- [Exercise instructions]:
The entries below are to be copied exactly, with every picture left out.

--- Dataset Enclosed Below ---

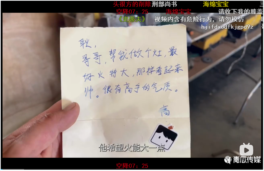 就拿近期B站热门的钟薛高x手工耿的合作视频《自制咳反应功夫灶》来说,钟薛高品牌很好诠释了“共创”内容。在视频开头,钟薛高的形象就以一封信出现:歪歪扭扭的小学生字体、接地气的模糊字迹和“头很方”的形象。在信中,钟薛高拜托手工耿“做个灶”,作为合作视频的引子。
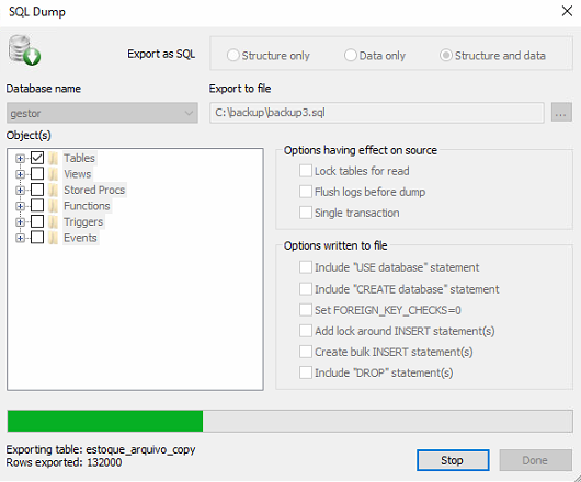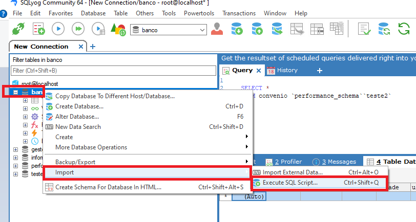 Passo 2 - O SQLYog gerou um arquivo único de Backup. Agora pode ser feita a restauração na sua máquina;
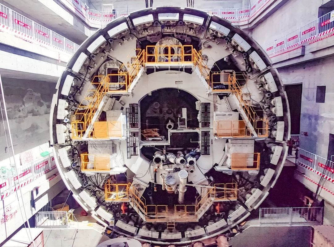 盾构机刀盘吊装下井是整个盾构机组装的关键环节。刀盘定位安装后,将开展管线联接、调试等后续工作,“妈湾号”始发的日期正一步步临近。
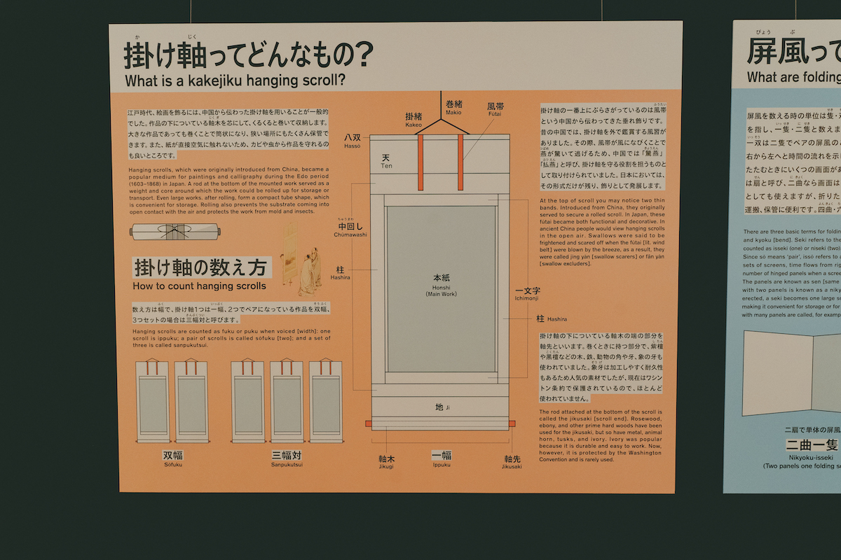 そんな日本絵画初心者さんにぜひ見てほしいのが、各絵画の近くに設置されている、今更聞けない基本の「き」から教えてくれるこのパネル。「掛け軸ってどんなもの?」「屏風って右から見るの?左から見るの?」といった基礎知識から、「葛飾北斎は長生きだったって本当?」といった豆知識まで、楽しく学びながら絵画鑑賞ができるんです。
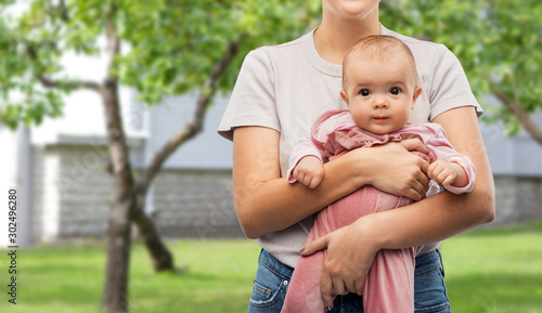 © Syda Productions, Fototapeta premium family, child and parenthood concept - happy smiling young mother holding little baby daughter over summer garden or home yard background
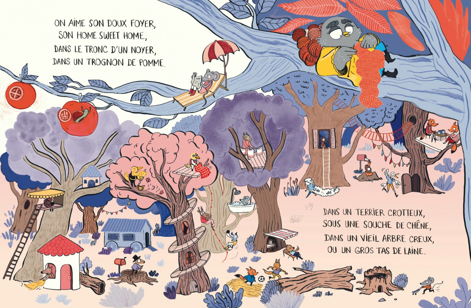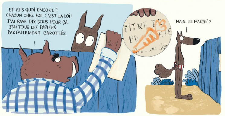 Tout va bien dans la forêt. Home sweet home comme chacun veux et où il veut. Quand tape à la porte du loup un notaire forestier, Maître de Garenne. Il mesure les terrains, note les maisons et distribue de titres de propriété. Tout doit être en règle, une première. Et il faut payer. Désormais on ne peut plus passer sur le terrain des autres. Ni se baigner dans la mare sans payer aussi. La forêt est devenu le parcours du combattant avec même des sens interdit. Robert, un écureuil a tout compris et a racheté tous les titres au notaire. Il est maintenant le seul propriétaire et a une police pour les mécontents. Le matin le loup découvre une pancarte, respirer coûte cher donc il faut un respirator 200 (payant bien sûr) pour respirer moins. L’écureuil est encore à la manoeuvre. Pour respirer il faut s’abonner mais il est généreux. La nuit l’air est gratuit. Tous ont une sorte de masque à gaz sur le nez et les vers de terre sont expulsés pour cause de parasitage des lopins. Ce n’est pas fini car le loup en slip va s’en mêler.
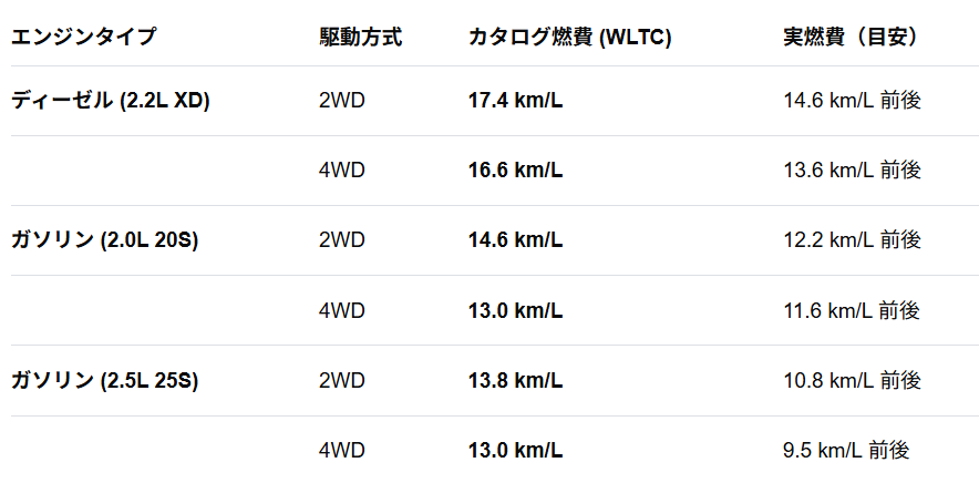 「SUVのガソリン車は燃費が悪い」と思われがちですが、KF型は健闘しています。
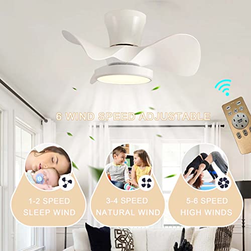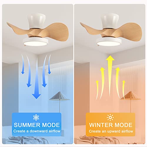 Lampadario Con Ventilatore Da Soffitto E Telecomando, Plafoniera Con Ventilatore LED Dimmerabile Silenzioso, Mini Ventola Lampadario DC Reversibile 6 Velocità Per Camera Da Letto-White Wood Grain
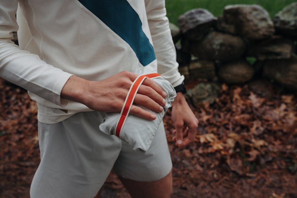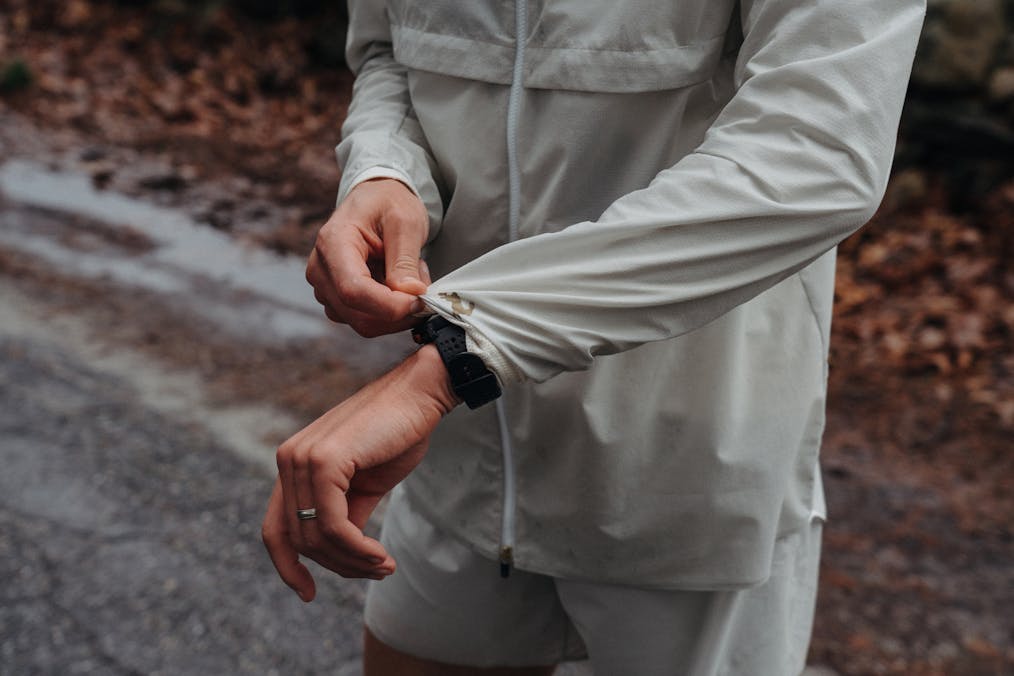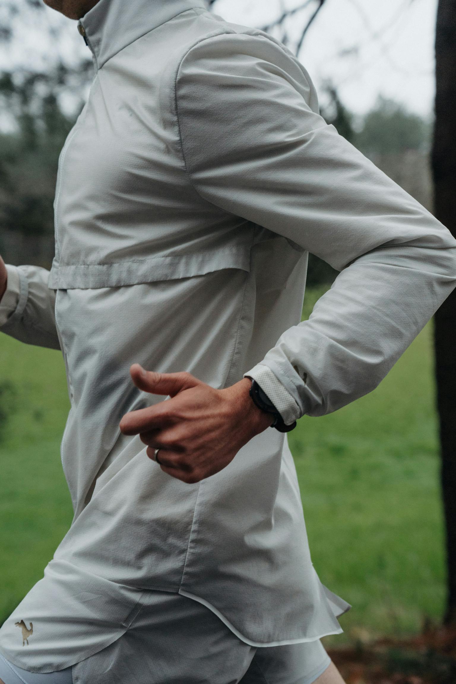 Rainy days are unprdedicatble. We designed this jacket to pack snuggly into an internal zippered pocket, which features an elastic hand strap to easily hold the packed jacket while running.
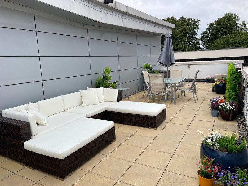 - Private wrap around roof garden has fantastic views towards Canary Wharf and City, garden furniture and sofa's great for sunbathing in privacy, outdoor speakers.
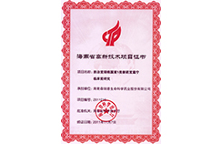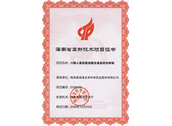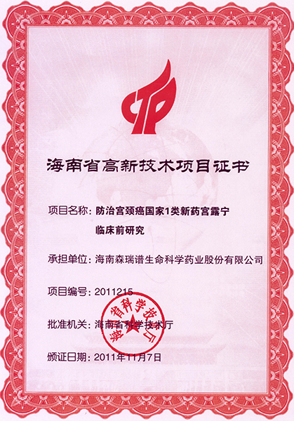 《防治宮頸癌國家1類新藥宮露寧臨床前研究》海南省高新技術項目證書
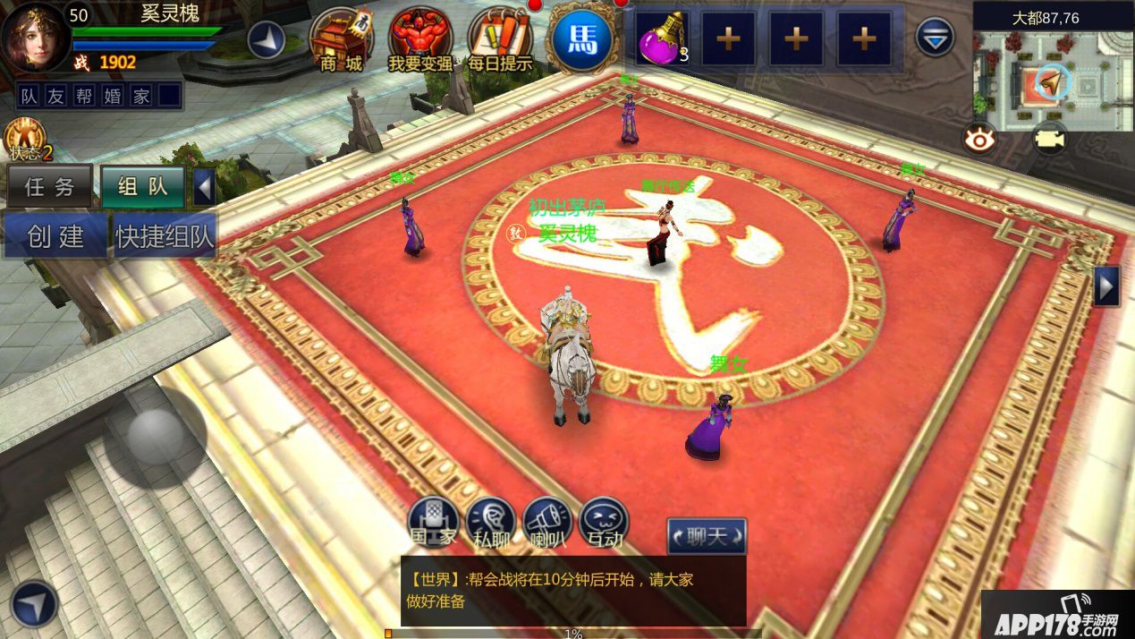 2、每晚23:00舞厅开放,开放后进入舞厅并使用舞厅内的离线挂机,将会获得高额经验奖励、声望、威望奖励。
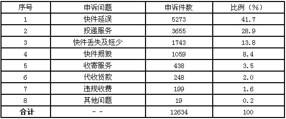 6月,受理消費者關(guān)于快遞業(yè)務(wù)的有效申訴12634件。比上月減少1477件,下降10.5%。其中,快件延誤5273件,占41.7%;投遞服務(wù)問題3655件,占28.9%;快件丟失及內(nèi)件短少1743件,占13.8%;快件損毀1059件,占8.4%;收寄服務(wù)問題438件,占3.5%;代收貨款問題248件,占2%;違規(guī)收費199件,占1.6%;其他問題19件,占0.2%。
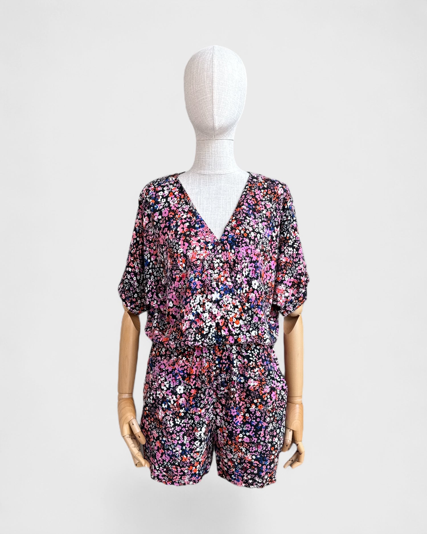 Combi-short Maje fleurie, coupe fluide et décontractée. Imprimé floral multicolore sur fond noir, manches courtes, taille élastiquée et poches pratiques. Ultra confortable, idéale pour les beaux jours.
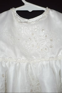 A child�s christening is a joyous event. It celebrates new life and new beginnings. A hand crafted one of a kind Heirloom Christening Gown or Romper by me will be cherished and passed on from one generation to the next. Each gown or romper is carefully stitched using high quality polyester matte satin, nylon, knit, and silk satin. The finest in trims of Venise lace, sequins and pearls, which is handcrafted down to the tiniest detail.
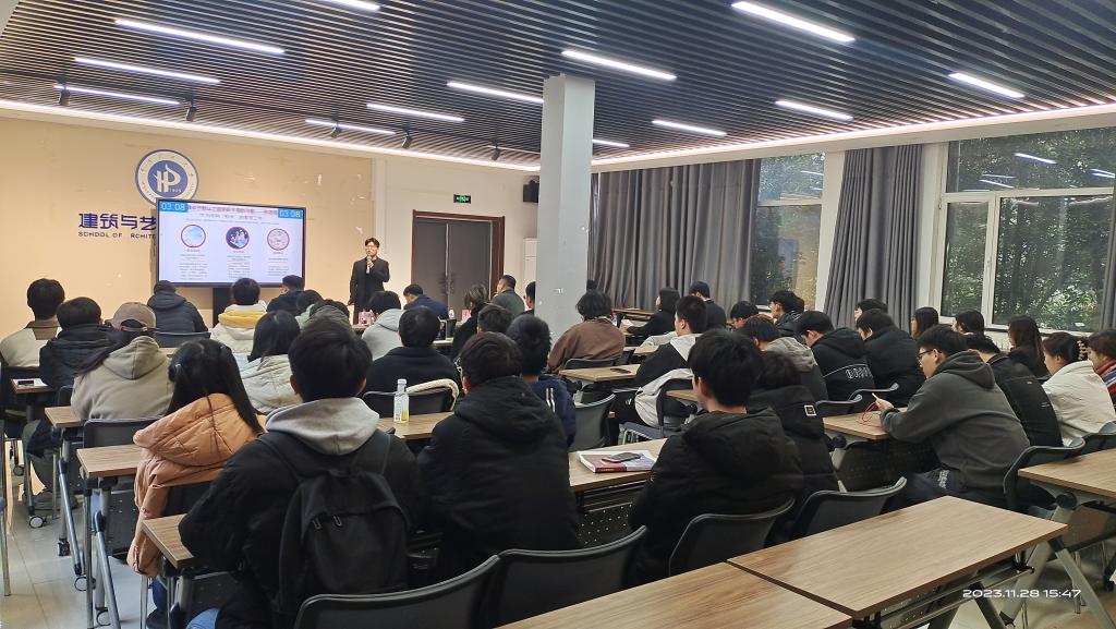 为贯彻落实党中央、国务院及省委省政府关于高校毕业生就业工作的决策部署,加强学校职业发展教育和就业指导,增强大学生生涯规划意识,促进毕业生高质量充分就业,11月28日下午,学院在晓书楼大会议室举办2023年“筑梦青春志在四方,规划启航职引未来”大学生职业规划大赛。院党委副书记张明、城市规划专业支部书记张运兴、视觉传达专业系主任王海、环境设计专业系主任王维天、工业设计专业系主任周敏作为评委老师出席了本次大赛。

--- End of Enclosed Dataset ---

- [Answer area]:
 就拿近期B站热门的钟薛高x手工耿的合作视频《自制咳反应功夫灶》来说,钟薛高品牌很好诠释了“共创”内容。在视频开头,钟薛高的形象就以一封信出现:歪歪扭扭的小学生字体、接地气的模糊字迹和“头很方”的形象。在信中,钟薛高拜托手工耿“做个灶”,作为合作视频的引子。
 Passo 2 - O SQLYog gerou um arquivo único de Backup. Agora pode ser feita a restauração na sua máquina;
 盾构机刀盘吊装下井是整个盾构机组装的关键环节。刀盘定位安装后,将开展管线联接、调试等后续工作,“妈湾号”始发的日期正一步步临近。
 そんな日本絵画初心者さんにぜひ見てほしいのが、各絵画の近くに設置されている、今更聞けない基本の「き」から教えてくれるこのパネル。「掛け軸ってどんなもの?」「屏風って右から見るの?左から見るの?」といった基礎知識から、「葛飾北斎は長生きだったって本当?」といった豆知識まで、楽しく学びながら絵画鑑賞ができるんです。
 © Syda Productions, Fototapeta premium family, child and parenthood concept - happy smiling young mother holding little baby daughter over summer garden or home yard background
 Tout va bien dans la forêt. Home sweet home comme chacun veux et où il veut. Quand tape à la porte du loup un notaire forestier, Maître de Garenne. Il mesure les terrains, note les maisons et distribue de titres de propriété. Tout doit être en règle, une première. Et il faut payer. Désormais on ne peut plus passer sur le terrain des autres. Ni se baigner dans la mare sans payer aussi. La forêt est devenu le parcours du combattant avec même des sens interdit. Robert, un écureuil a tout compris et a racheté tous les titres au notaire. Il est maintenant le seul propriétaire et a une police pour les mécontents. Le matin le loup découvre une pancarte, respirer coûte cher donc il faut un respirator 200 (payant bien sûr) pour respirer moins. L’écureuil est encore à la manoeuvre. Pour respirer il faut s’abonner mais il est généreux. La nuit l’air est gratuit. Tous ont une sorte de masque à gaz sur le nez et les vers de terre sont expulsés pour cause de parasitage des lopins. Ce n’est pas fini car le loup en slip va s’en mêler.
 「SUVのガソリン車は燃費が悪い」と思われがちですが、KF型は健闘しています。
 Lampadario Con Ventilatore Da Soffitto E Telecomando, Plafoniera Con Ventilatore LED Dimmerabile Silenzioso, Mini Ventola Lampadario DC Reversibile 6 Velocità Per Camera Da Letto-White Wood Grain
 Rainy days are unprdedicatble. We designed this jacket to pack snuggly into an internal zippered pocket, which features an elastic hand strap to easily hold the packed jacket while running.
 - Private wrap around roof garden has fantastic views towards Canary Wharf and City, garden furniture and sofa's great for sunbathing in privacy, outdoor speakers.
 《防治宮頸癌國家1類新藥宮露寧臨床前研究》海南省高新技術項目證書
 2、每晚23:00舞厅开放,开放后进入舞厅并使用舞厅内的离线挂机,将会获得高额经验奖励、声望、威望奖励。
 6月,受理消費者關(guān)于快遞業(yè)務(wù)的有效申訴12634件。比上月減少1477件,下降10.5%。其中,快件延誤5273件,占41.7%;投遞服務(wù)問題3655件,占28.9%;快件丟失及內(nèi)件短少1743件,占13.8%;快件損毀1059件,占8.4%;收寄服務(wù)問題438件,占3.5%;代收貨款問題248件,占2%;違規(guī)收費199件,占1.6%;其他問題19件,占0.2%。
 Combi-short Maje fleurie, coupe fluide et décontractée. Imprimé floral multicolore sur fond noir, manches courtes, taille élastiquée et poches pratiques. Ultra confortable, idéale pour les beaux jours.
 A child�s christening is a joyous event. It celebrates new life and new beginnings. A hand crafted one of a kind Heirloom Christening Gown or Romper by me will be cherished and passed on from one generation to the next. Each gown or romper is carefully stitched using high quality polyester matte satin, nylon, knit, and silk satin. The finest in trims of Venise lace, sequins and pearls, which is handcrafted down to the tiniest detail.
 为贯彻落实党中央、国务院及省委省政府关于高校毕业生就业工作的决策部署,加强学校职业发展教育和就业指导,增强大学生生涯规划意识,促进毕业生高质量充分就业,11月28日下午,学院在晓书楼大会议室举办2023年“筑梦青春志在四方,规划启航职引未来”大学生职业规划大赛。院党委副书记张明、城市规划专业支部书记张运兴、视觉传达专业系主任王海、环境设计专业系主任王维天、工业设计专业系主任周敏作为评委老师出席了本次大赛。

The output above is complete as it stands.